The first step when conducting research is formulating a research question. The research question is the query that drives the research's focus. All other research steps, like developing the methodology, collecting data, and analyzing findings, are done to answer the research question.

Since the research question is so important, researchers must understand how to formulate a substantial question. Keep reading for tips, examples, and more.

Formulate Questions Meaning

Formulating questions in research means coming up with a question to investigate through the research process. A research question is the starting point for a research project. The question should be one the researcher wants to know the answer to and believes can be found through research or experimentation.

The term research question is often abbreviated to RQ.

Formulate Questions, Person with question marks above his head, StudySmarterFig. 1 - Formulating questions means developing an inquiry to investigate through research.
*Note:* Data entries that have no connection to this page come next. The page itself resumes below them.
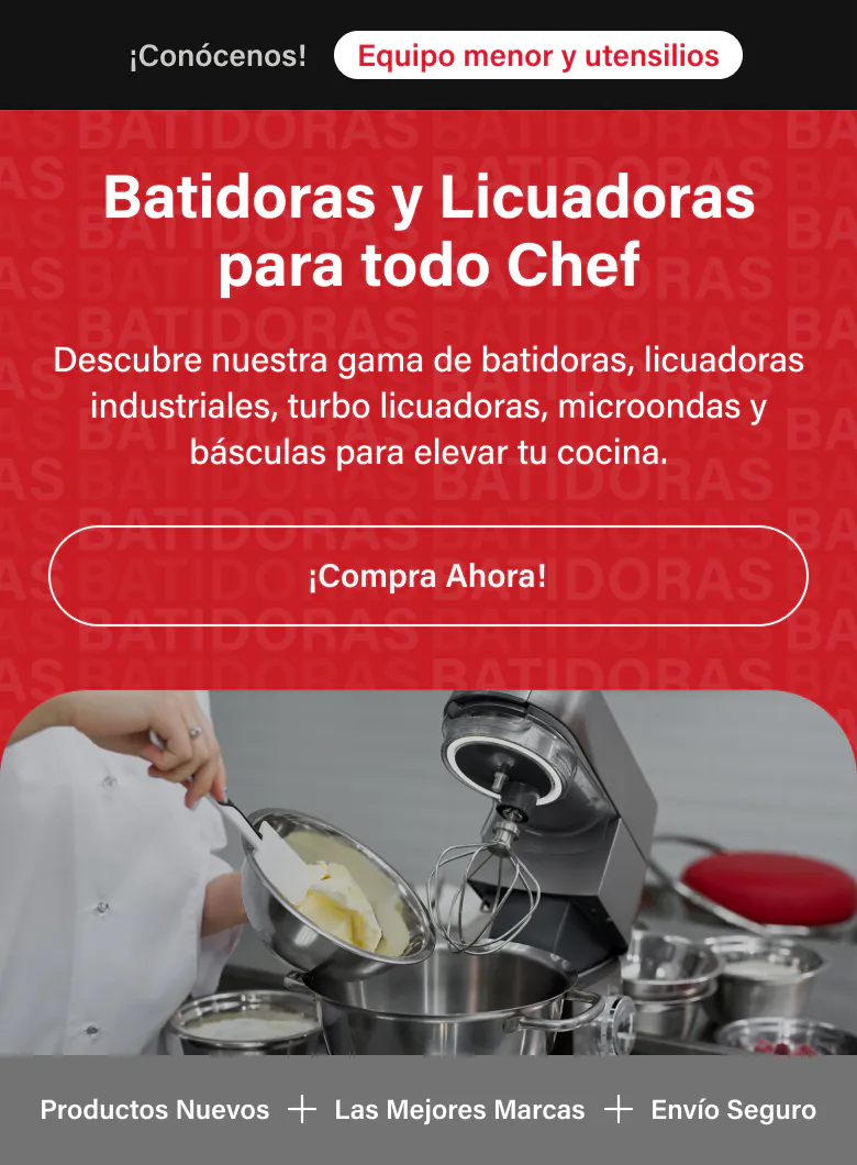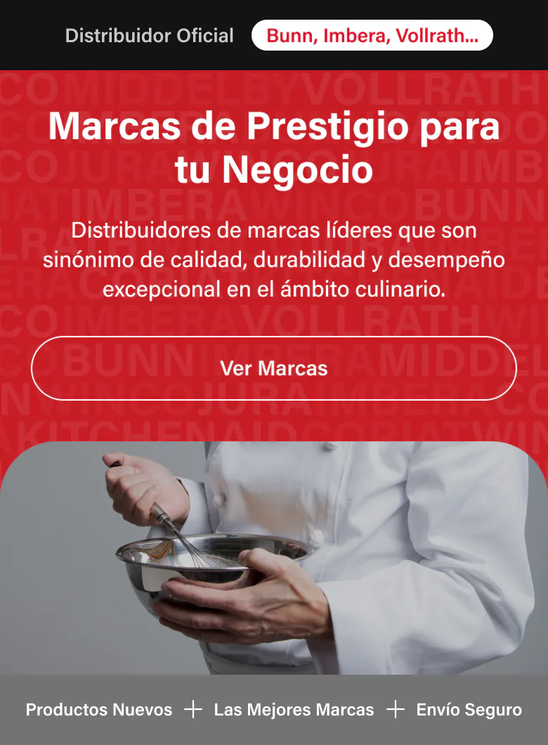 Como distribuidores autorizados, ofrecemos las cocinas industriales en acero inoxidable y equipos de refrigeración de la más alta calidad para satisfacer tus necesidades empresariales con excelencia y confiabilidad garantizada.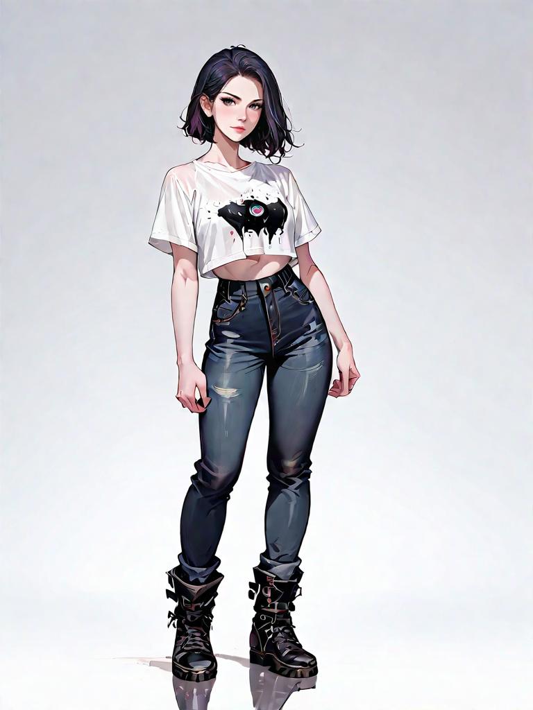 1girl, realistic face, full body shot, Woman, casual street style, cropped mesh t-shirt in a pink tie-dye pattern, short sleeves, crew neck, high-waisted ecru utility pants with pockets, visible button closure, white background.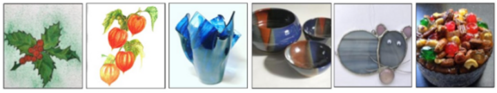 Works for sale included paintings, prints, glass pieces, pottery, stained glass decorations, Christmas & greetings cards, artisan cakes, chocolates and preserves – of which one was a whiskey marmalade!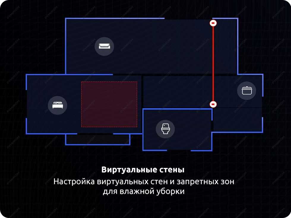 - Установка виртуальных границ для ограничения передвижения умного-помощника.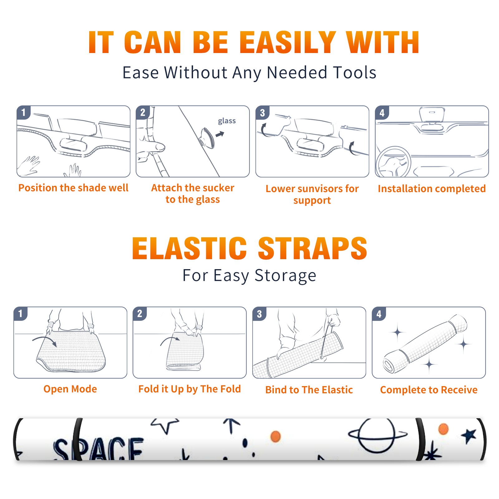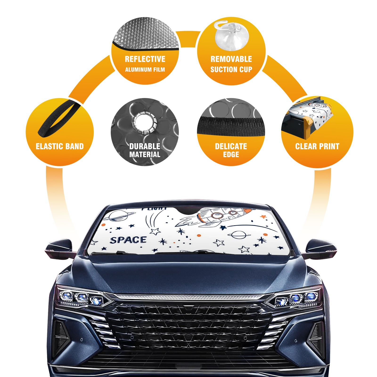 Car Windshield Sun Shade For Front Window Outer Space Foldable Vehicle Windshield Car Sun Visor Covers Automotive Window Protector Car Camping Privacy Sun Blocker

Formulate Questions Technique

Research questions are not just any questions. They need to be complex, detailed questions, and the answers require evidence and argumentation. For example, consider the following simple yes or no question:

Did Emily Dickinson have children?

This is not a research question because it is a question that a researcher can easily find an answer to with a quick internet search. A research question needs to be more open-ended. To craft a more nuanced question, researchers should follow the steps in the example below.

Writers should also avoid questions that include subjective language, such as "good" or "bad." These are broad adjectives that researchers cannot investigate.
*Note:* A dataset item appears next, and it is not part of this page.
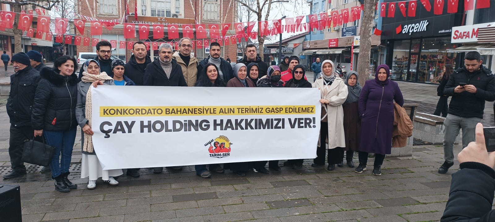 Zem Narenciye işçileri tarafından yapılan basın açıklamasında, şu ifadelere yer verildi: “Bursa’nın Yenişehir ilçesinde bulunan ve Çay Holding bünyesinde faaliyet gösteren Zem Narenciye sera işletmesinde yıllardır çalışan işçiler olarak bugün burada gasp edilen haklarımızla ilgili toplandık. Yıllardır çalıştığımız süre boyunca psikolojik şiddet ve hakaretlere maruz kaldık. Maaşlarımızın geç ödenmesi, mesai paralarımızın verilmemesi, su ve yemeklerimizin düzenli bir şekilde verilmemesi, Ayaz köyünde bulunan dere suyunu içme suyu diye içirilip zehirlenmemiz gibi işçi sağlığını hiçe sayan pek çok uygulamaya maruz kaldık. Seranın satılacağını öğrenmemiz üzerine dişimizi sıktık, sıktık ve bekledik. Sonunda, Temmuz 2025’in başında bir arkadaşımıza yapılan haksızlığa itiraz ettik, patron vekili Kıyasettin Çay’ın hakaretlerine maruz kaldık. Jandarma’yı çağırdık ve şikayetçi olduk. Akabinde, kod 48 ile, tazminatsız bir şekilde, maaşlarımız da ödenmeden işten çıkarıldık. Çay Holding patronları bizi devamsızlık yapmakla suçlamış olsa da, aslında işi kendimiz bırakıp gitmemiz için elinden geleni yapıyorlardı. Maaşlarımızın eksik, düzensiz ve zamanında yatırılmaması, her sabah içtima yapan patronun hakaret ve baskıları, yapamayacağımız işlere bizi koşmaları, tek bir işçinin gösteremeyeceği performansı göstermemizi beklerken, bunun mümkün olmadığını söylediğimizde yediğimiz hakaretle… Zem Narenciye adlı şirkette ağır koşullarda köle gibi çalıştırılıyor, hakaretlere maruz kalıyor, alacaklarımızı alabilmek için çalışmaya devam ediyorduk. Yani biz işi bırakmadık ve bırakamazdık. Onlarsa işi bırakıp alacaklarımızdan feragat etmemiz için her şeyi yapıyorlardı. Daha önce konuyu aktardığımız Yenişehir Belediye Başkanı Ercan Özel başta olmak üzere, alacaklarımızın derhal ödenmesi yönünde harekete geçilmesini, mağduriyetimizin hızlıca giderilmesini bekliyoruz. Alın terimizin karşılığını ve adalet istiyoruz!”

Formulate Questions Example

Instead of immediately attempting to write a research question, readers should follow these pre-writing steps.

1. Brainstorm

When given a research assignment, researchers should start by brainstorming how they will approach the task. The brainstorming process will depend partly on the task at hand, but it is always useful to consult notes and jot down the first ideas that come to mind. For example, imagine an English professor instructs students to research Emily Dickinson. This is a broad topic, so readers should brainstorm sub-topics to research by noting what they already know about Dickinson and what they want to know more about.

2. Do a Little Research

Next, researchers should look into the broad topic and see what information interests them. For example, a student assigned to research Emily Dickinson might do an internet search about her life and learn that she was an influential female poet. This might spark the reader's interest in what Dickinson's impact was.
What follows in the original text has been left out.